14-Oct-22: Friday morning starting work feels no different, if anything still full from the previous nights’ dinner. Later morning and at lunch I’m only thinking about food because of my habitual snacking nature, especially the almost ceremonial nature of snack breaks. I did a light workout and run for lunch, and did a full body home workout for dinner. Today I had two coffee, cacao & mushroom blends, with a dash of oat milk, so not entirely purist but no sugar. So far so good.

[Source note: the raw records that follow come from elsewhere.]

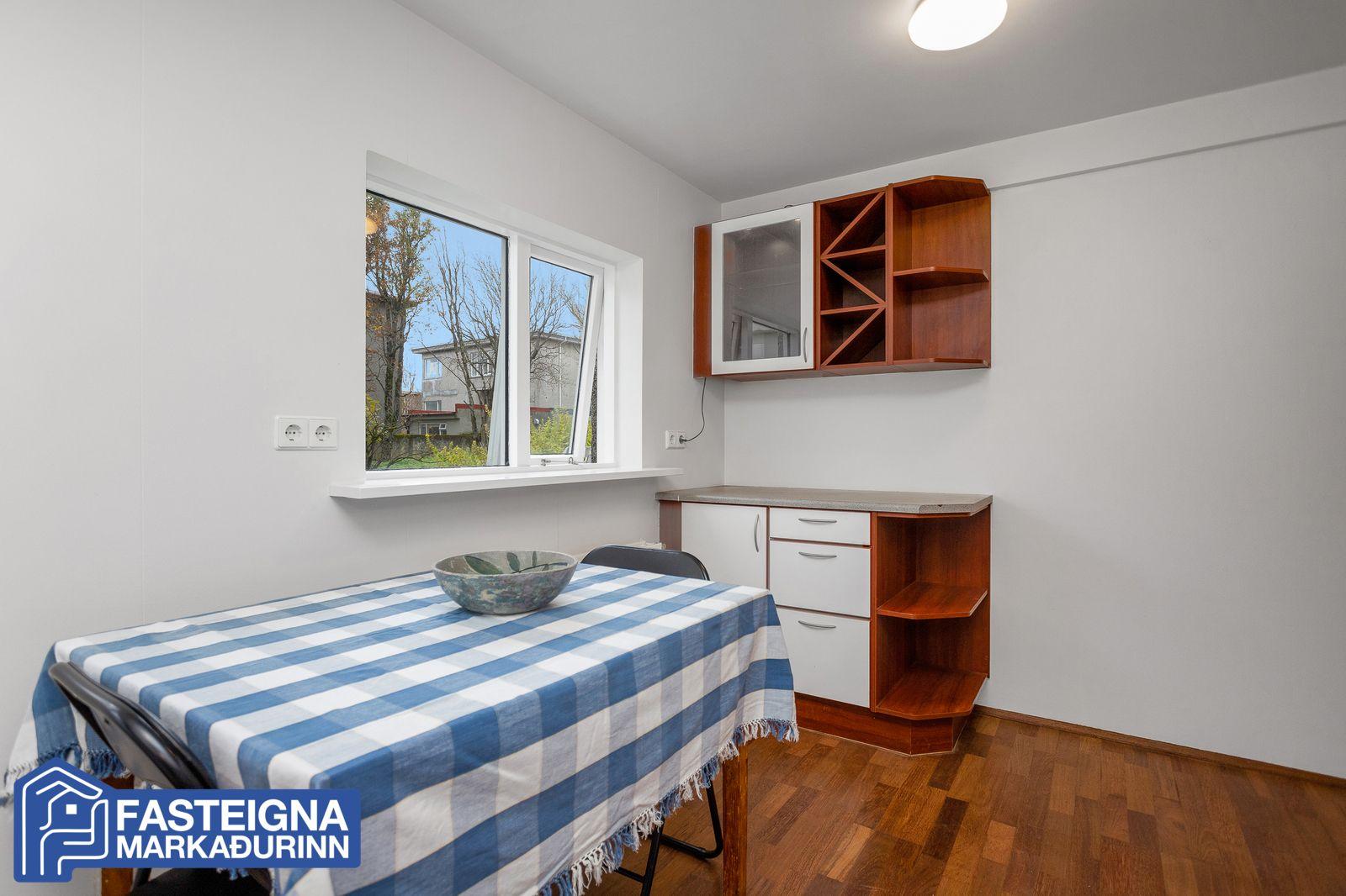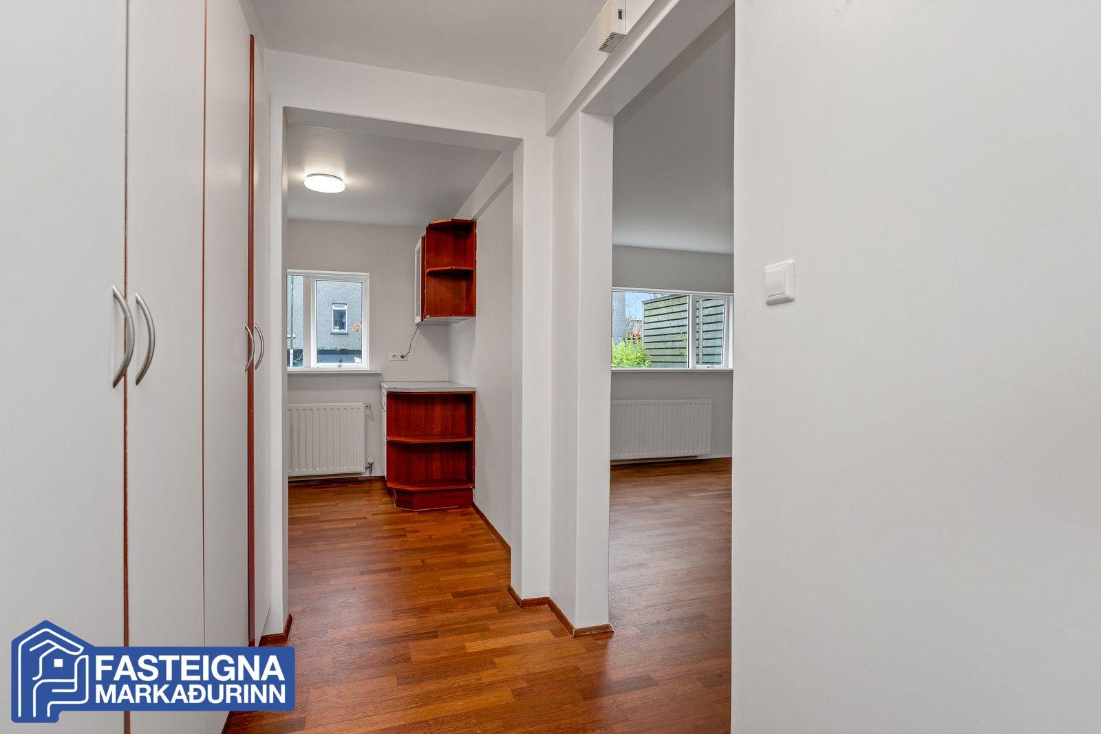 Eignin skiptist í inngang, forstofu, eldhús, stofu, svefnherbergi, baðherbergi og geymslu. Tengi er fyrir þvottavél og þurrkara á baðherbergi og er þar geymslurými inn af sem er ekki skráð í fermetrafjölda eignar.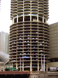 シカゴを代表する建築のひとつです。60階建のツインタワーで下階が駐車場、上階が店舗や住宅の複合ビルになっています。
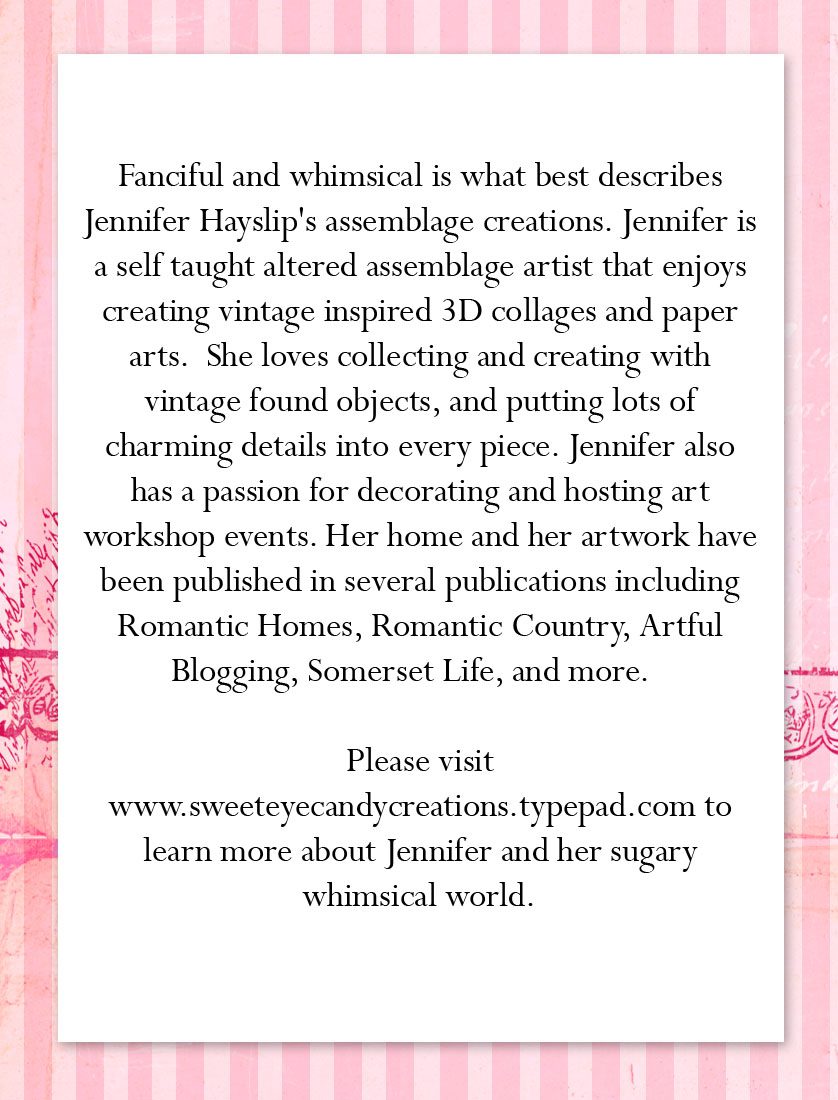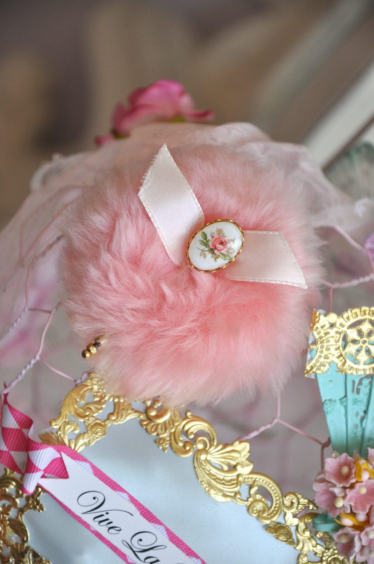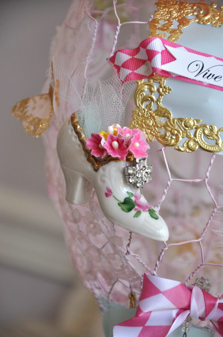 Hey Jenn, I just wanted to tell you how your creations are getting more and more beautiful. I love the details on this wire balloon creation, like the pink powder puff with the rose pin, the little shoe with rhinestones and millinery flowers and the little gold mask. I also love the pink hair on the little powder tin girl and the purse… charming is a very good word to describe what you do! I love the little details! A very happy Easter to you and your family sweetie!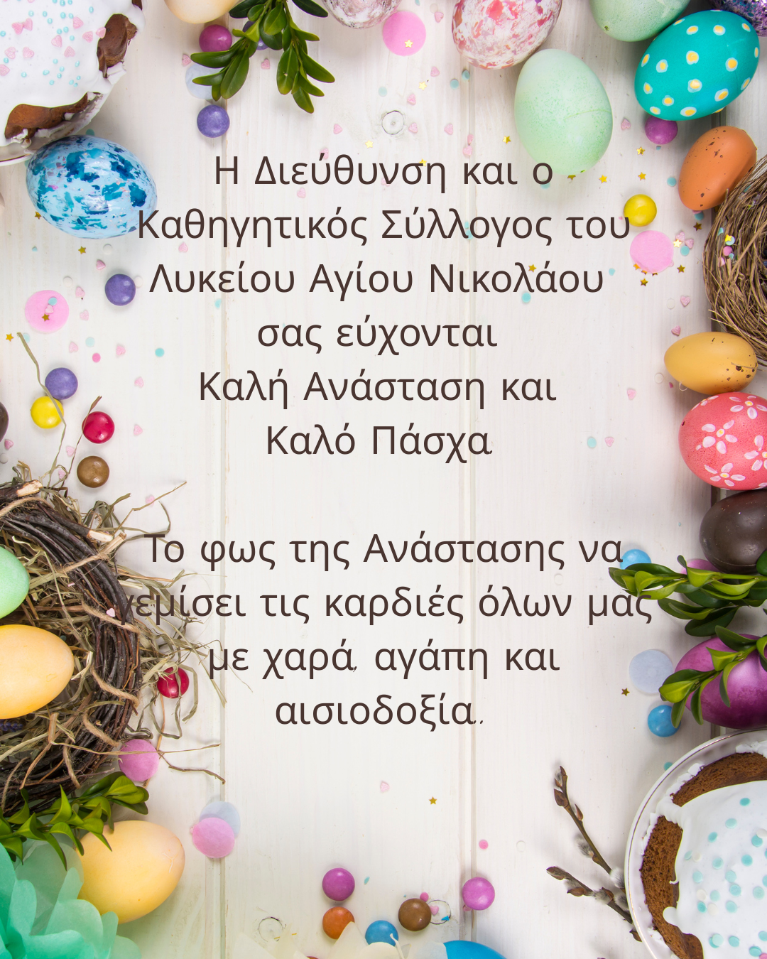 Σας καλωσορίζουμε στη νέα ιστοσελίδα του Λυκείου Αγίου Νικολάου και σας ευχόμαστε καλή περιήγηση. Μέσα από την ιστοσελίδα μας σας καλούμε να γνωρίσετε τη ζωή του Σχολείου μας και να ενημερώνεστε για τις δραστηριότητες και τα επιτεύγματα των παιδιών μας.Κοινός στόχος όλων μας είναι η διαμόρφωση ενός εκπαιδευτικού περιβάλλοντος, όπου η δημιουργία, η ποιότητα, η συνεργασία και ο σεβασμός αποτελούν για όλους εμάς, εκπαιδευτικούς και μαθητές, βασική προτεραιότητα. Μέριμνα μας η ουσιαστική σχέση Σχολείου - οικογένειας και μέσα σε αυτό το πλαίσιο αισιοδοξούμε να λειτουργήσει η ιστοσελίδα μας, ως ένας ασφαλής και αξιόπιστος τρόπο ενημέρωσης και επικοινωνίας σε θέματα που αφορούν τη λειτουργία και οργάνωση του σχολείου καθώς και του εκπαιδευτικού έργου γενικότερα. Καλή πλοήγηση λοιπόν!!!

15-Oct-22: My mate Ben (who is doing the same fast) calls me in the morning, it’s good to check in and see how we’re both feeling and progressing, and despite feeling a little light-headed, we’re both doing good and feeling pretty focused on our relative tasks. I spend my day in the library working through some admin I have to do and don’t think about food much, although I’ve planned a Sunday roast and then do my shopping for a big breakfast. I don’t get the hunger pangs you do when it’s close to meal time, I simply think about all the tasty food I could be eating, and this is emphasized when I’m chopping up some veggies for tomorrow’s fry-up. I go to bed thinking about food…
16-Oct-22: After an intermittent night’s sleep, the morning finally arrives, although I’m not hungry in the traditional sense, just weak. I make sure to down plenty of water, as I’ve let myself get a little dehydrated again. 8am Breakfast time! Feast here we come!! 54hrs
One last tip: Plan your first meal to be both nutritious and delicious, that way you don’t get caught out eating rubbish when you’re absolutely famished.